Stefansson describes the Christianization of the Indians around the river on the way to the Arctic Ocean, describing the differences between the Roman Catholic church and the Church of England.
June 15, 1908
My Life with the Eskimos - Chapter 2
From Slave Lake north to the Arctic Ocean there are no interrup tions to navigation and our travel proceeded smoothly and without adventure. Here and there we passed Indian lodges on the shore and Indian cabins, and on an average every two hundred miles a Hudson's Bay post, where a mission is also located.
The two churches that have workers in the field are the Roman Catholic and the Church of England, both of them doing considerable useful work. The Church of Rome has a much stronger hold upon the people, partly, no doubt, because of its earlier introduction into the country, and because also of its greater resources it is doing more work. After many years of observation of the labors of missionaries I am inclined to the view that with the other churches the excellence of the results depends primarily upon the individual at any particular place, but that the Church of Rome has a system which produces results to some degree independent of the personality of the man. One weakness of other missionaries in general is that they come from cities and other places with crystallized notions of exactly what must be done and exactly how every one must live and act under no matter what conditions. The fundamental precepts of Christianity apparently seem to many of them to be linked with certain purely local customs of the city from which they happen to come, and they emphasize both equally. The three commandments, “Love thy neighbor as thyself,” “Thou shalt keep the Sabbath holy,” and “Thou shalt eat thy potatoes with thy fork,” impress themselves with equal vividness upon the aborigines and are likely to be considered by them to be means of grace of coordinate value. But the missionaries of the Church of Rome seem less concerned about these inessentials. They are no less concerned than the missionaries of other churches about getting the Indian to change his religious views, but they seem less inclined to waste their strength in trying to persuade him to change the color of his coat. The net result of this difference is shown to be entirely in favor of the Roman Church. These natives have, through the evolution of centuries, been ground into such perfect adjustment to their environment that the more you disturb this adjustment the more disastrous the result will be to the physical welfare of the native.

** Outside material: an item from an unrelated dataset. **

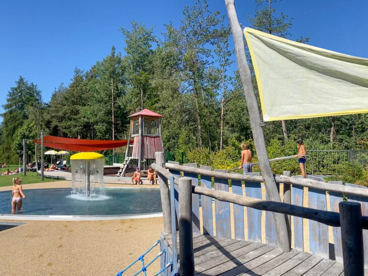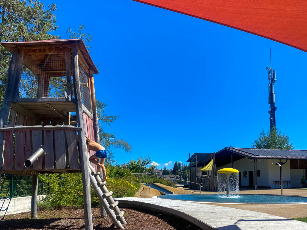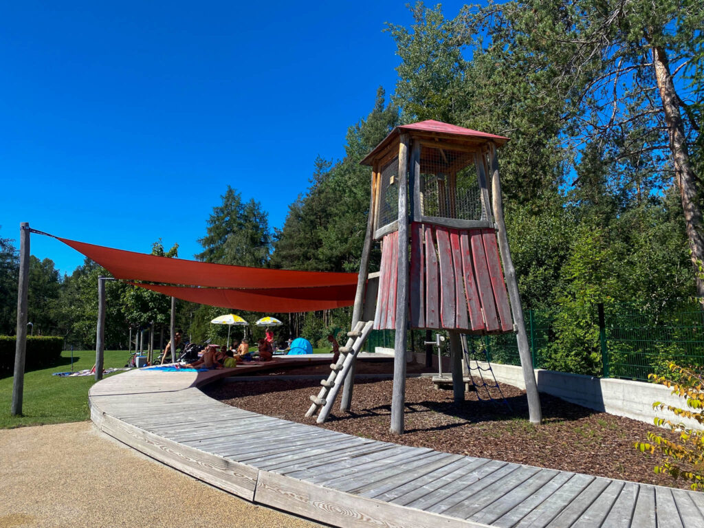 Per i bambini più piccoli c’è una vasca di circa 30 centimetri di altezza, con il fungo d’acqua ed uno scivolo poco inclinato che però fa divertire tutti. Lì vicino il veliero in legno con le reti per arrampicare e le scalette interne, dove lasciar spazio alla fantasia immaginandosi pirati. A poca distanza anche la torretta, per bambini più grandi, anche questa con reti e scalette e l’ultimo piano protetto da una grata, vista l’altezza.
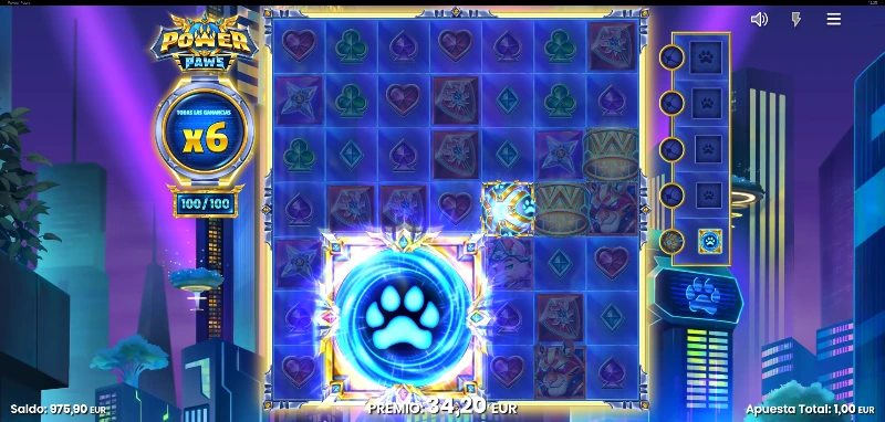 Power Paws 4.4/5 Valoración Sin reseñas Opiniones (0) Push Gaming Proveedor Cluster Pays Líneas 100.00€ Apuesta Máx. 0.10€ Apuesta Mín. x6.500 Premio Máx. 7x7 Rodillos 96.25% RTP Media Volatilidad Jugar gratis Jugar por dinero real Escrito por Valery LemanovActualizado: 20/11/2025 Pros:Sistema progresivo innovador mediante 4 niveles con distintas funcionesDurante el nivel 4 podemos lograr un símbolo colosal 7x7El símbolo colosal misterioso desvela figuras de pago medio, alto, Wilds o incluso premios directos de hasta x1.000Alto nivel audiovisual con fantásticas animaciones y efectos de sonido Contras:El premio máximo es algo bajo incluso para una tragamonedas de volatilidad mediaExiste una versión que debemos evitar a toda costa con un RTP del 85,26 %Los premios directos tienen un techo de x1.000 que solo rozan una sexta parte del max winPower Paws slot: ¿Podrán estos superhéroes felinos escalar los 4 niveles hacia el x6.500? La tragaperras Power Paws es un juego desarrollado por Push Gaming y lanzado al mercado el 23 de julio de 2025. Una propuesta que nos transporta a una ciudad futurista donde los superhéroes antropomorfos custodian la paz y los premios a través de 4 niveles de poder. En este tablero 7x7 con Cluster Pays, disfrutaremos de un sistema de progresión de niveles que irá desbloqueando funciones especiales para conseguir big wins hasta que alcancemos el max win de x6.500. ¿Conseguirás hacerte con las recompensas salvaguardando a los ciudadanos de esta increíble urbe? Descúbrelo en la demo Power Paws que encontrarás en esta reseña del juego. Temática y ambientación: Superhéroes felinos en la ciudad futurista Los superhéroes patrullan la ciudad futurista desde los rascacielos mientras combaten el crimen con su increíble tecnología y habilidades únicas. Los Power Paws es un grupo de élite capaz de aplasatar cualquier mal que se atreva a interponerse en su camino. ¿Te unirás al escuadrón felino para hacer frente a cualquier posible amenaza a cambio de alguna recompensa? Gráficos, animaciones y sonido El dibujo es tipo cómic con vivos colores sobre un tablero flotando frente a un fondo matte painting de la ciudad de corte futurista. Los símbolos nos presentan a los diferentes héroes junto a sus poderosas armas y otras figuras más sencillas con un acabado brillante. Las animaciones destacan cuando se forman clusters con una explosión de partículas que salen disparadas hacia el medidor y logramos avanzar a través de los distintos niveles. De forma más consistente veremos cómo la ciudad está viva al apreciar los jardines flotantes o cuando anochece al conseguir entrar al Power Nudge donde tendremos más acción que nunca. Por último, la música épica ofrece una profunda sinfonía orquestal que permite que destaquen de manera natural los efectos de sonido de corte electrónico junto a una profunda voz en off que indicará cuándo subimos de nivel. Cómo jugar Power Paws demo slot Es una tragamonedas online con una cuadrícula de 7 carretes x 7 filas y un sistema Cluster Pays donde necesitas agrupar al menos 5 símbolos idénticos tocándose horizontal o verticalmente para generar premios por cluster entre x0,10 y x250 tu apuesta base según el símbolo y tamaño del grupo. Es un sistema de progresión de niveles con cascadas en el que deberemos seguir los siguientes pasos básicos para apostar bien: Fijamos un bankroll para controlar la cantidad de dinero que estemos dispuesto a jugar en esta experiencia de volatilidad media con progresión de niveles. Para cada tirada podremos elegir una apuesta diferente entre una mínima de 0,10 €/$ hasta una máxima de 100 €/$, rango generoso para jugadores con presupuesto moderado. Siempre es recomendable revisar la tabla de premios para identificar qué símbolos pagan mejor y entender cómo funciona el sistema de progresión de 4 niveles con sus modificadores desbloqueables. Consulta las normas de juego para verificar el RTP de la versión que vayas a jugar, ya que existen versiones poco recomendables muy por debajo de la estándar 96,25%. Dependiendo del tipo de estrategia para jugar a la tragamonedas que estemos siguiendo, tendremos disponibles diferentes opciones de compra en forma de apuestas anticipadas que detallamos más adelante. Funciones especiales Esta tragaperras de superhéroes felinos construye su experiencia alrededor de la progresión de 4 niveles que desbloquean modificadores acumulativos: Funciones ¿Qué hace? Cascadas Los símbolos ganadores en clusters desaparecen y hacen caer nuevos desde arriba, encadenando cascadas consecutivas. Cada victoria suma progreso al medidor de niveles. Wild El comodín sustituye a todos los símbolos excepto los modificadores especiales. Puede aparecer naturalmente o desbloquearse mediante progresión de niveles. Símbolos Mystery Se transforman en el mismo símbolo aleatorio al resolverse, facilitando la formación de clusters grandes. Medidor de niveles Es un medidor de cuatro niveles fuera del tablero y dividido en 4 partes representando los 4 niveles del juego. Cargador del medidor Símbolo especial que añade 5 puntos al medidor de manera instantánea y luego se transforma en un símbolo de pago. Wilds aleatorios Solo durante el nivel 0 es posible que se active una función aleatoria cuando no tenemos ningún cluster ganador. Esto ubica en diferentes lugares de la cuadrícula entre 5 y 10 figuras Wild. Sistema de Progresión de 4 Niveles: ¡Desbloqueando poderes! Empezamos a jugar desde el nivel 0 estrictamente hablando, con cada 25 símbolos pagados conseguimos avanzar por la mecánica central del juego, la progresión por niveles: Nivel 1: Se desbloquean entre 5 y 10 símbolos Mystery que se transforman en el mismo símbolo aleatorio a lo largo del tablero. Nivel 2: Se añaden 5 - 10 Wilds de forma aleatoria por toda la cuadrícula. Nivel 3: Tras 75 figuras pagadas, obtendremos 2 Mystery Big Symbols que pueden tener tamaños entre

Both the English Church and the Roman have schools in the Mackenzie district the English at Hay River and the Roman at Fort Providence. At both places are men and women doing conscientious and self-sacrificing work, and at both places numbers of Indians are learning to read and write, but nevertheless it seems to most observers that the labor and expenditure of money are scarcely justified by the results. You have everywhere the Indians of the old type, who are ignorant of book learning but who still retain some of the integrity and self-respect of their ancestors. These men on the whole seem to be more self-confident and self-reliant than the educated ones, and are more likely to be making not only a living but also an honest living. Somehow it seems that one of the first things an Indian learns in school is contempt for the ways of his ancestors; but after all, the ways of his ancestors are the only ways that can prevail in that country. Hunting and fishing are the necessary occupations of every man, and the sewing of clothes and the preparation of food are equally the inevitable work of the women. When a man who has no occupation other than that of hunter open to him gets to feel that he is above that occupation, the community has lost much and no one has gained anything.